In typical Pajo/M-named-band style, melodies are very gently and gradually
coaxed from guitars; it's more like the guitars are being milked than played,
each note gently plucked and then squeezed down the neck of the guitar to
freedom. Textures are built from the repetition of simple melodies,
layered and
woven into delicate, lacy patterns of sound. "I Am Not Lonely with Cricket"

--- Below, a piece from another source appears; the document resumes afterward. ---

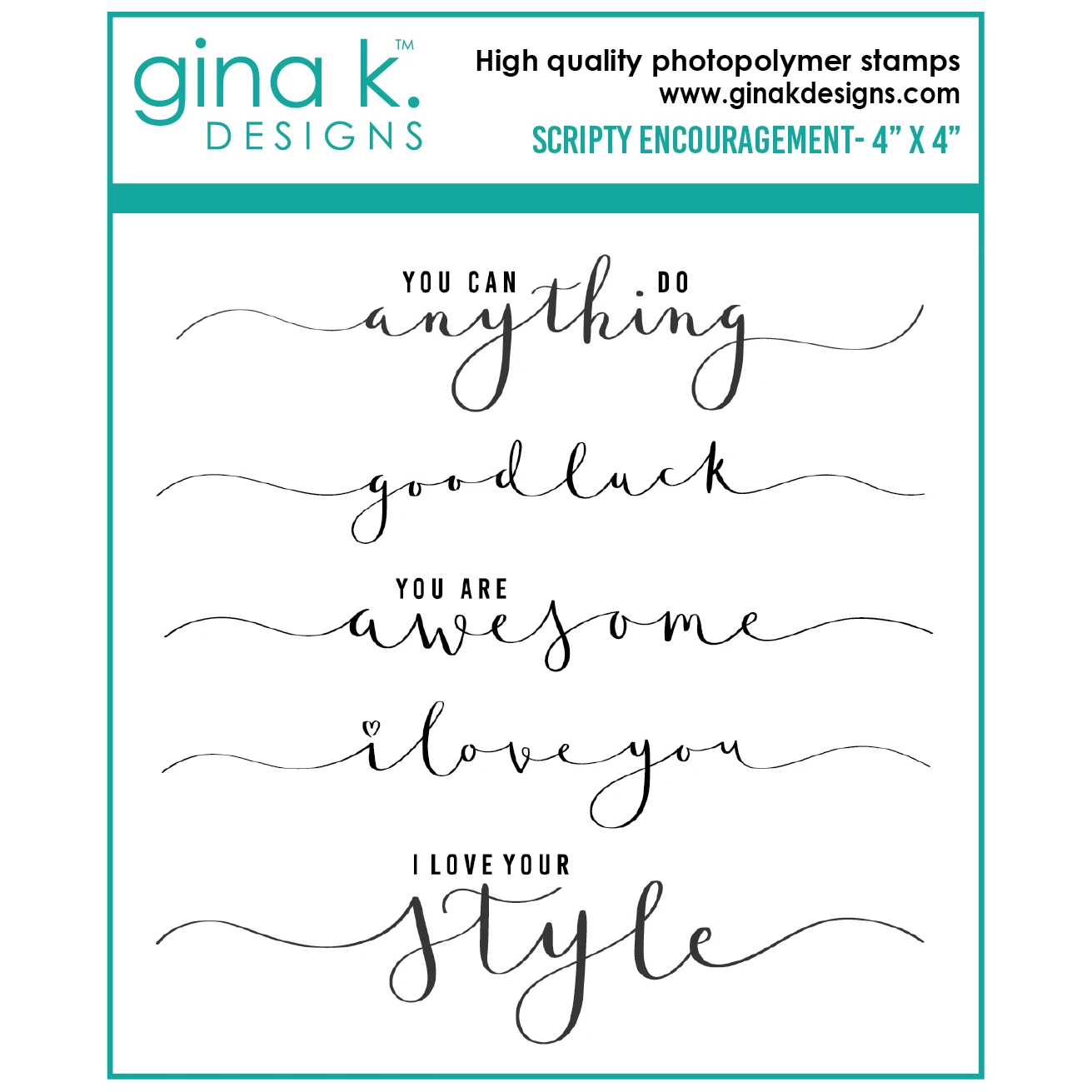 Gina K Designs SCRIPTY ENCOURAGEMENT Clear Stamps 6408
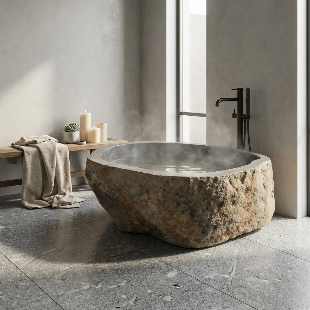 وان حمام روستیک در مجموعه ی زد دیزاین ، از سنگ های بزرگ رودخانه ایی ساخته شده اند . این وان ها بسیار خاص و منحصر بفرد هستند . تمامی مراحل ساخت وان به صورت یدی و با دست ساخته میشوند . به جهت روستیک و طبیعی بودن از هر نمونه وان تنها یک عدد در انبار شرکت موجود می باشد .

drags its trebly little tune through fifteen straight minutes of
metamorphosis,
allowing it to grow more otherworldy and harmonic as it expands and
contracts through the aural dimensions. Elsewhere, Pajo adds a banjo. The
banjo's
plummy pluckings add solidity to "Pink Holler," and team with a
conventionally
strummed (and knocked) acoustic six-string on the solemnly spontaneous
"Knocking
the Casket". Those seeking the bleary gravity of Aerial M will find it
without
difficulty on "Arundel," which provides prologue and epilogue to the album, or the
muffled
grandeur of "Drunken Spree" (which, ironically, would actually be tolerable
listening on the
morning after its titular excesses). With music so sparse, it's
probably difficult
to see many stylistic changes in the transition from Aerial M to Papa M, and indeed there aren't many to see -- a few
more keyboard-generated rhythms, perhaps, and the pleasing departure of the
well-sequenced
"Knocking the Casket". But Papa M's songs, like Aerial M's, are worlds
unto themselves.
Pajo may not travel far between albums, but each song can yield miles of
subtly
varied musical terrain.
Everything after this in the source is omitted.